А мне на прощание Антипа сказал:
— Ты… это, слышь, приезжай, когда захочешь, я тебя за бутылку завсегда пущу в свой чум и рыбы дам сколь хошь. Я имею в виду настоящей рыбы — там нельмы ли, муксуна ли, а не этой сорной щуки, язя, леща или карася. Ими только собак кормить. Я такую рыбу сразу же выбрасываю, а на кой она мне? А бабе моей купи этой… как ее… зубной пасты, будь она не ладна, она у меня — видела? — какая моднячая вся из себя ходит. Когда паста есть, так, считай, каждый день зубы в ручье чистит, прям с самого утра, говорит, хорошо во рту после пасты-то… А статую вы все равно не найдете. Ее ищут-ищут и ученые бабы, и мужики, а все равно не найдете. Кто святыню выдаст, знаете, что тому может быть? И, это самое, клеенки купи, метра два. Если ее в нарты бросить, нарты потом долго не мараются. А мне зачем новые нарты марать-то?
Глава четвертая
Право на тишину
В Тюмени, как и в любом многолюдном городе России, есть категория людей, которые при любом государственном строе будут жить бедно и в грязи. Особенно они будут чувствовать себя ненадежно, если им станут выдавать деньги на жизнь или предусмотрят различные льготы для обеспечения настоящего и, хуже всего, будущего. Тогда вся их жизнь превратится в ожидание благ. А что может быть хуже ожидания? Даже благ.
Обычно эти люди живут в замусоренных пансионатах, пятиэтажных «хрущевках» с не крашенными по двадцать лет входными дверьми, в общежитиях и на дешевых съемных квартирах. Временами власти с ними проводят эксперименты и взамен старого жилья выдают либо недорогое новое, либо жилье в более качественных домах. И тогда у их соседей появляется мечта — как можно быстрее съехать (если, конечно, соседи не из той же социальной категории, что и Швабровы).
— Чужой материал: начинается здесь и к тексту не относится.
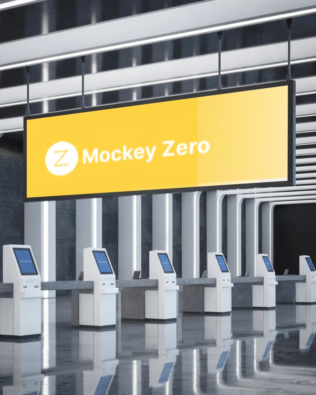 Mockups of hanging banners usually include wide-angle views of indoor spaces, which makes your design appear as if it’s floating in the middle of a bustling environment. It’s an excellent way to give your design a sense of presence.

Наиболее яркими представителями этого племени является семья Швабровых.
Леша Швабров — личность, известная во всем микрорайоне. Еще в начале девятого класса он пояснил временно трезвым родителям на доступном для них языке, какое место в его жизни занимает учеба в школе, своровал три велосипеда у пацанов из соседнего двора, продал их и купил на вырученные деньги подержанный драндулет. Иными словами назвать-то, на чем ездил Швабров, даже высококвалифицированному филологу очень трудно.
Все бы ничего, но каждый раз, когда Швабров его заводил, жутко дрожали стекла на первых трех этажах окрестных домов и семейного общежития. На третьем, между прочим, обитало Лешино семейство — это мама, которую для легкости произношения все звали просто Натка, папа Санек, старшая сестра Нинка и младшая Ленка.
Тайну этой семьи знали все и охотно при случае делились ею с любопытными. Нинку Натка родила от красивого, но вечно пьяного вороватого тракториста; Ленку — от гостившего на соседней улице летчика-испытателя, ну а Лешку — от Санька. Сорокатрехлетний слесарь-сантехник Санек сыном гордился, охотно давал ему всегда денег с получки, почти не наказывал, чего не скажешь о женской половине семьи, и, что особенно возмущало Натку, потакал ему во всем.
Так вышло и в этот раз.
Бабульки-пенсионерки пришли к Швабровым-старшим жаловаться на Лешку, который на своем драндулете производит невероятный шум, абсолютно несовместимый с их давно заслуженным отдыхом. Санек с Наткой бабушек внимательно, почти не перебивая, выслушали, после чего сделали вывод: надо с сыном серьезно поговорить.
На свою голову в этот день Лешка вернулся раньше обычного домой. Увидев дома посторонних, привычно отвернулся и прошел в свою комнату.
— А вот и он, чертяка, даже не здоровается, — повернувшись к Лешке, воскликнула Елизавета Тимофеевна, в прошлом — почетный работник народного образования и преподаватель биологии в Лешкиной школе.